Cette opération financière d’envergure intervient dans un contexte opérationnel particulièrement sensible pour Alphamin, dont l’activité phare reste la mine d’étain de Bisié, située dans le territoire de Walikale au Nord-Kivu. Après l’évacuation d’urgence du personnel le 13 mars 2025 face à l’avancée du groupe armé M23, la société avait entamé une remobilisation progressive de ses effectifs mi-avril, suite au recul des combattants à plus de 130 km du site minier. Or, Bisié n’est pas un actif quelconque : avec environ 6% de la production mondiale d’étain, cette installation constitue un pilier du marché global des métaux industriels.
Qui est l’acquéreur IRH ? Cette société se présente comme un spécialiste de la sécurisation et de l’optimisation des chaînes d’approvisionnement en métaux, un profil particulièrement adapté aux défis logistiques que pose l’exploitation minière dans l’Est congolais. La finalisation de l’accord reste néanmoins suspendue à plusieurs conditions préalables, notamment l’obtention des approbations réglementaires tant congolaises qu’internationales. Le conseil d’administration d’Alphamin mène actuellement une évaluation approfondie des implications opérationnelles et stratégiques de cette cession.
Cette transaction survient dans un paysage géopolitique complexe. Lors d’une récente visite à Kinshasa, le conseiller Afrique de l’ancien président américain Donald Trump a réaffirmé l’engagement des États-Unis en faveur d’une résolution pacifique du conflit dans l’Est, évoquant parallèlement des discussions en cours sur un éventuel accord minier avec les autorités congolaises. La vente d’actions d’Alphamin à un investisseur émirati pourrait-elle influencer ces négociations ? La question mérite d’être posée tant les enjeux sécuritaires et économiques sont imbriqués dans cette région riche en ressources.
Sur le plan macroéconomique, ce rachat majeur témoigne de l’attractivité persistante du secteur minier congolais malgré les risques sécuritaires. Le prix convenu de 0,70 CAD par action représente une prime significative par rapport aux cours récents, signalant la confiance d’IRH dans le potentiel à long terme de Bisié. Pour la RDC, cette opération soulève des interrogations cruciales : quel contrôle national sur des ressources stratégiques lorsque des capitaux étrangers prennent le contrôle d’actifs vitaux ? Comment garantir que cette nouvelle gouvernance bénéficiera réellement à l’économie locale ?
À court terme, tous les regards se tournent vers la reprise effective de la production à Bisié. Avant sa suspension forcée, le site produisait environ 12 000 tonnes d’étain concentré par an, générant des revenus fiscaux substantiels pour Kinshasa. Le redémarrage complet des opérations constituera le premier test concret pour IRH dans sa gestion post-acquisition.
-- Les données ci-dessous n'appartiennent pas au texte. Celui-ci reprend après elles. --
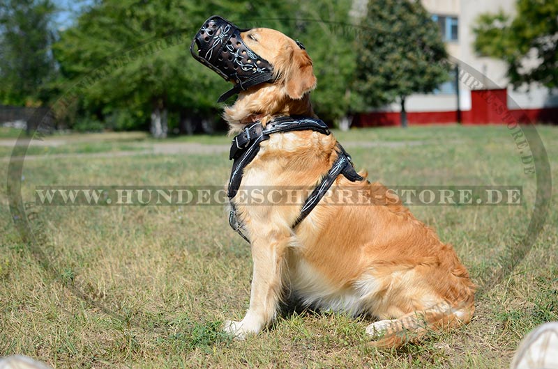 Golden Retriever mit abriebfestem Leder Hundegeschirr und Beißkorb

Dans un marché mondial de l’étain où les cours ont grimpé de 22% sur un an, la remise en route de cette mine stratégique pourrait influencer les équilibres globaux d’approvisionnement.
Alors que le conseil d’administration d’Alphamin peaufine son analyse des conséquences de cette transaction, une certitude s’impose : cette opération marque un tournant dans l’industrie extractive congolaise. Elle illustre à la fois la volatilité induite par les conflits armés comme le M23 et l’appétit inédit des investisseurs du Golfe pour les minerais critiques. Reste à savoir si ce changement de cap profitera in fine au développement économique de la RDC ou accentuera simplement la financiarisation de ses richesses souterraines.